Nothing PZip does couldn't be done by chaining together existing tools - compressing with `gzip`, deriving a key and
encrypting with `openssl`, generating a MAC (if not using GCM), etc. But at that point, you're probably writing a
script to automate the process, tacking on bits of data here and there (or writing multiple files). PZip simply wraps
that in a nice package and documents a file format. Plus having a Python interface you can pretty much treat as a file
is super nice.

*Why not store filename?*

Storing the original filename has a number of security implications, both technical and otherwise. At a technical level,
PZip would need to ensure safe filename handling across all platforms with regards to path delimiters, encodings, etc.

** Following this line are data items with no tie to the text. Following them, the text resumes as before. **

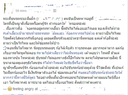 อีกอย่างเราว่าผู้ชายคนนี้เขาลงมาดูและกล่าวแสดงความรับผิดชอบ เหตุใดจึงต้องโพสต์ป้ายทะเบียนเขาด้วย (เราลบเลขไปแล้ว)
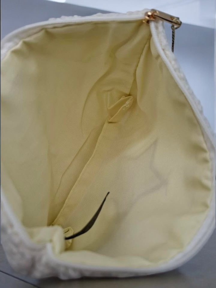 Cette pochette arbore une couleur blanche texturée, ajoutant une dimension tactile et esthétique. Au centre, une étoile marron contraste merveilleusement, servant de point focal. La pochette est accompagnée d'une fermeture éclair ornée de deux glands dorés pour un détail raffiné.
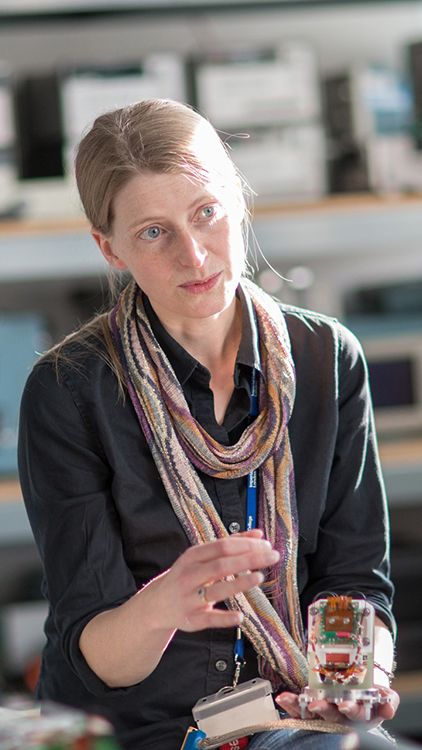 Helen O'Brien holding a hand-sized piece of equipment

Additionally, PZip was designed for a system where user-generated file attachments may contain sensitive information in
the filenames themselves. In reality, having a stored filename is of minimal use anyway, since the default behavior is
to append and remove a `.pz` suffix when encrypting/decrypting. If a `.pz` file was renamed, you would have a conflict
that would likely be resolved by using the actual filename (not the stored filename) anyway.